Okay so Building products without the coding part The post The Basics of Vibe Engineering appeared first on Towards Data Science.

I d a meme on LinkedIn a few days ago saying that a lot of the top engineers are now just using AI to code. It reached thousands and got quite a few heated opinions. (yes, really)

The space is clearly split on this, and the people against it mostly think of it as outsourcing an entire project to a system that can’t build reliable software.

The Details

I didn’t have time to respond to every comment, but I think there’s a fundamental misunderstanding about how you can use AI to build today. It may surprise you that a lot of it is still engineering, just on a different level than before.

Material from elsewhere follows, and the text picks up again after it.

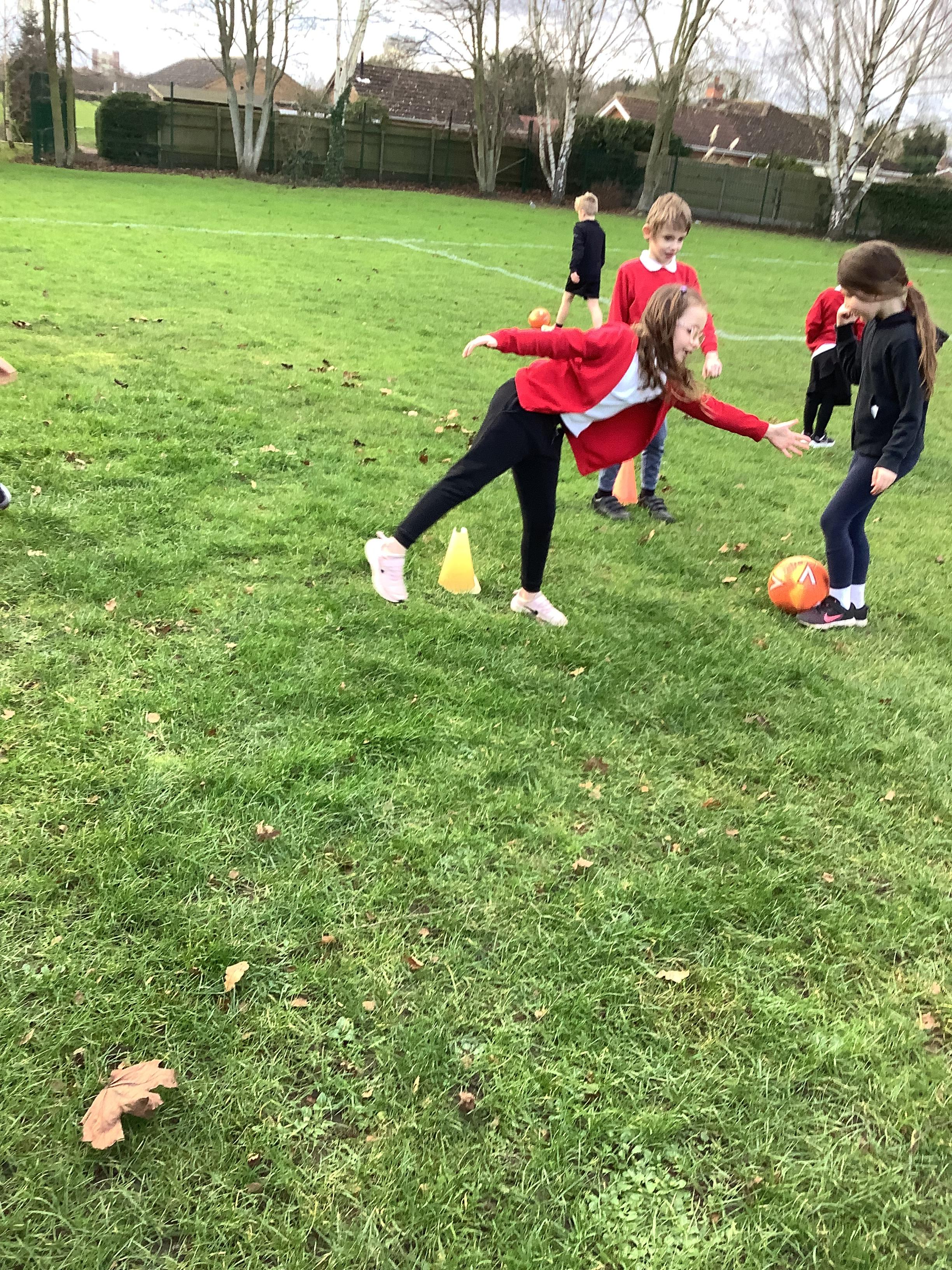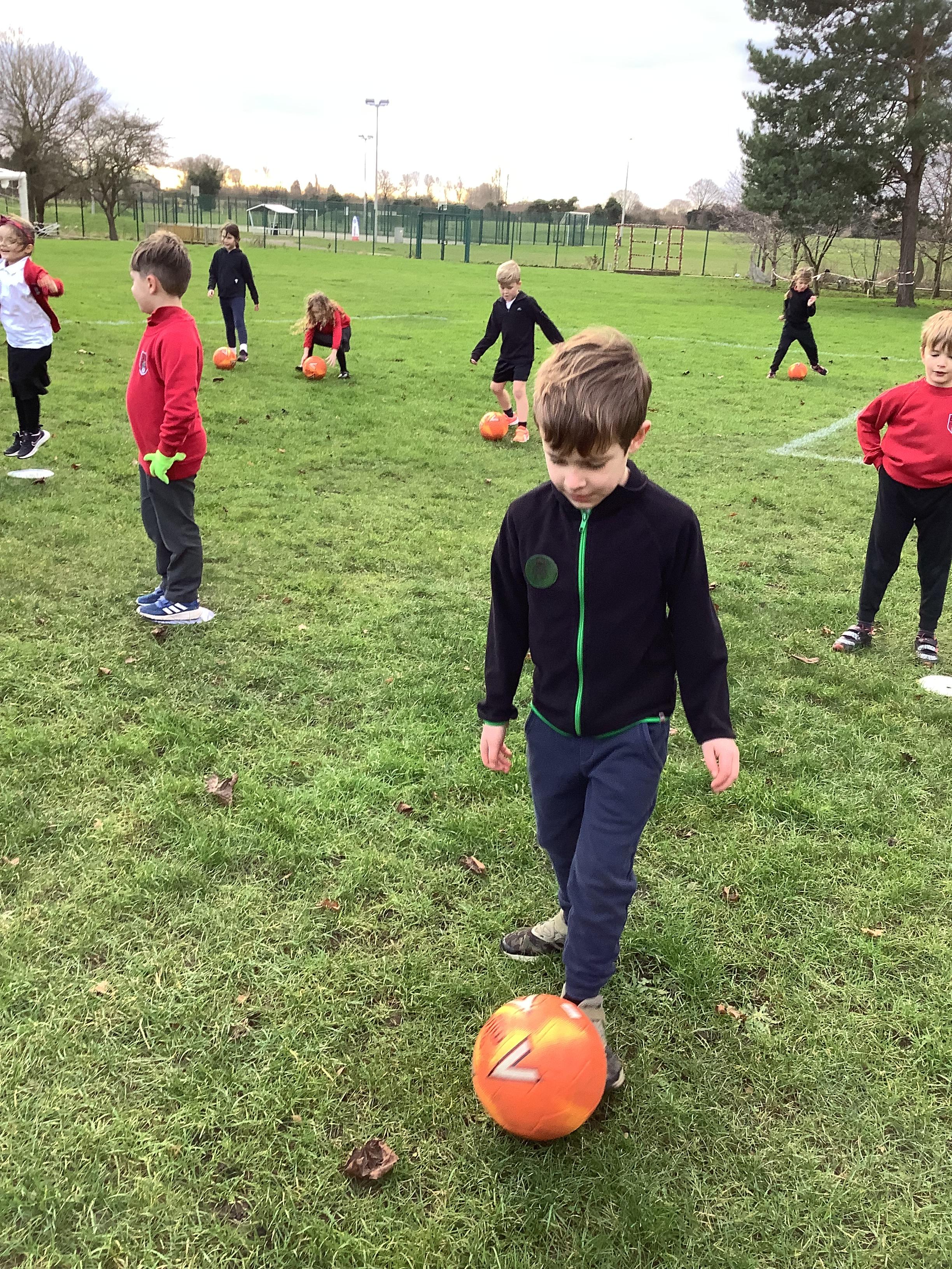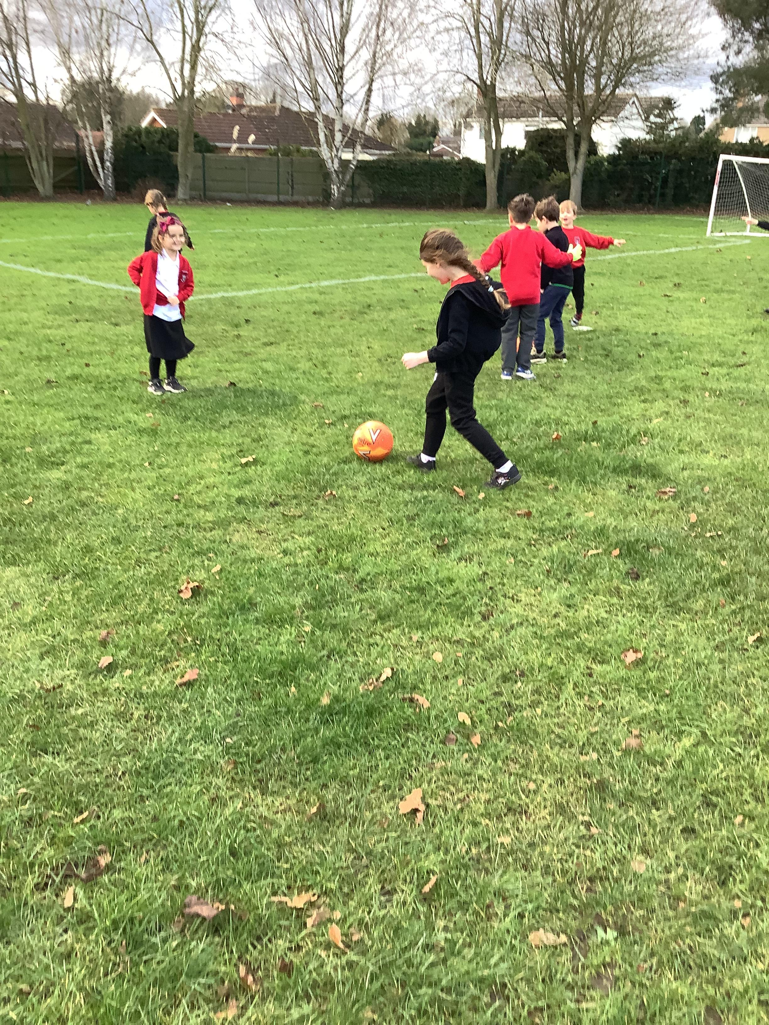 This term in PE, children will explore moving with a ball during a game; using space when passing & receiving a kicked ball; throwing, catching, attacking and defending during a game; developing tactics when shooting at & protecting targets and applying all of this into invasion games.

So let’s walk through how this space has evolved, how to plan before using AI, why judgement and taste still matter, which AI coding tools are winning, and where the bottlenecks still are. Because software engineering might be changing, but it doesn’t seem to be disappearing.

Why This Matters

The space is moving fast Before we get into how to actually build with these tools, it’s worth understanding how fast things have changed. Cursor became the first real AI-assisted IDE breakout in 2024, even though it shipped in 2023, but getting it to produce something good without leaving behind a trail of errors was not easy. I struggled a lot even last summer using it.

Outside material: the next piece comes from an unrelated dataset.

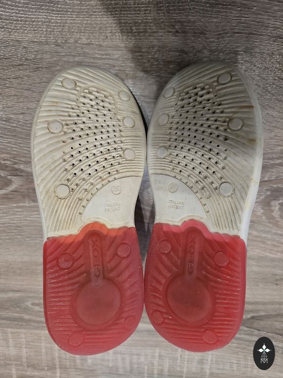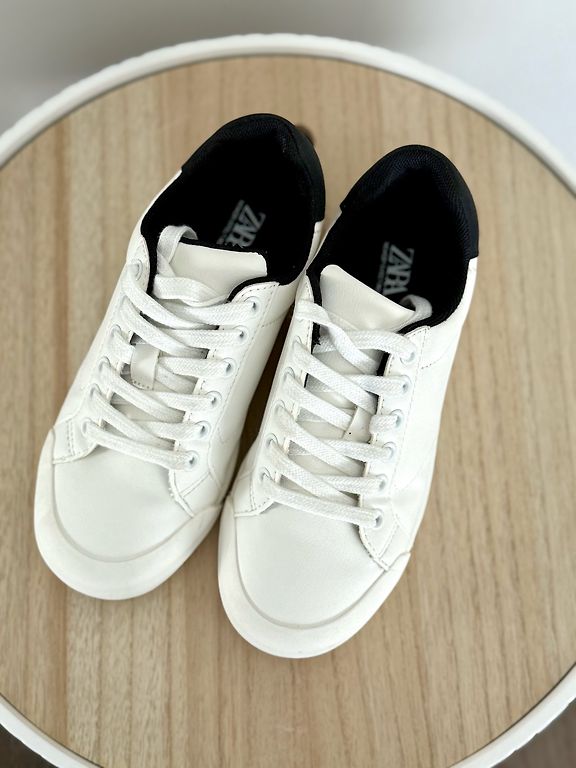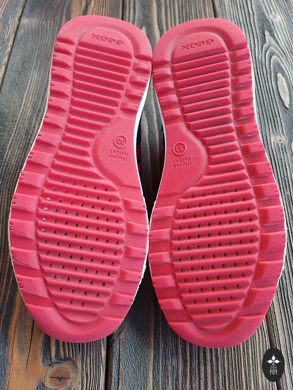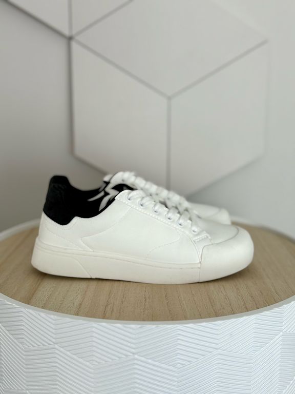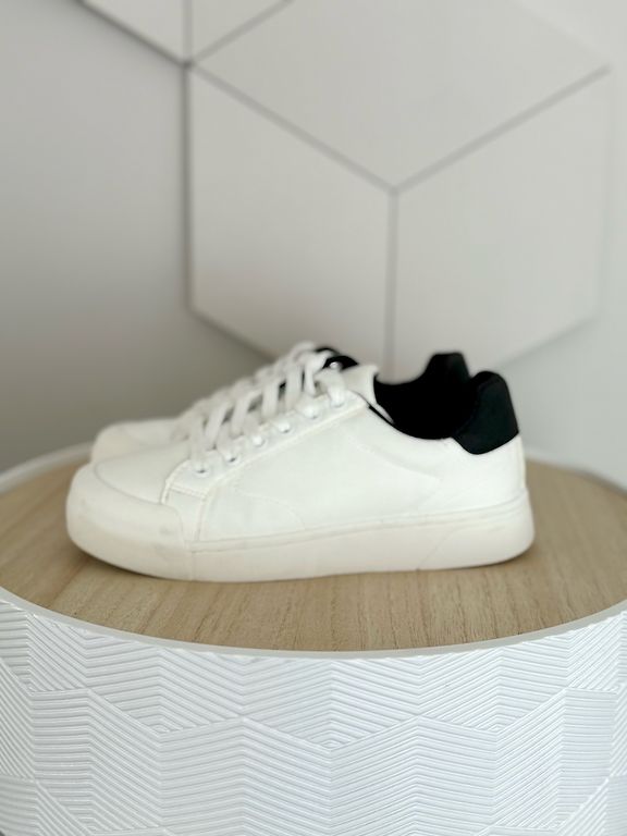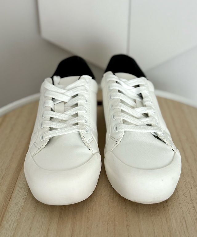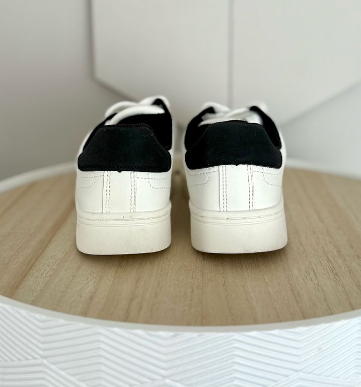Pāris reizes vilktas, taču šķiet no āra aktivitātēm apavu apakšdaļā uz baltās joslas redzamas pelēcīgas krāsas “zīmes” (redzams bildēs)

The AI space continues to evolve at a wild pace, with developments like this becoming more common.

Key Takeaways

  • The last few months have been different and weve seen this in socials too.
  • Spotify publicly claimed its top developers haven’t written a single line of code manually since December.
  • Anthropic’s own internal team reportedly has 80%+ of all deployed code written with AI assistance .

The Bottom Line

Anthropic also found that Claude Opus 4. 6 found out 22 novel vulnerabilities in Firefox in two weeks, 14 of them high-severity, roughly a fifth of Mozilla’s entire 2025 high-severity fix count.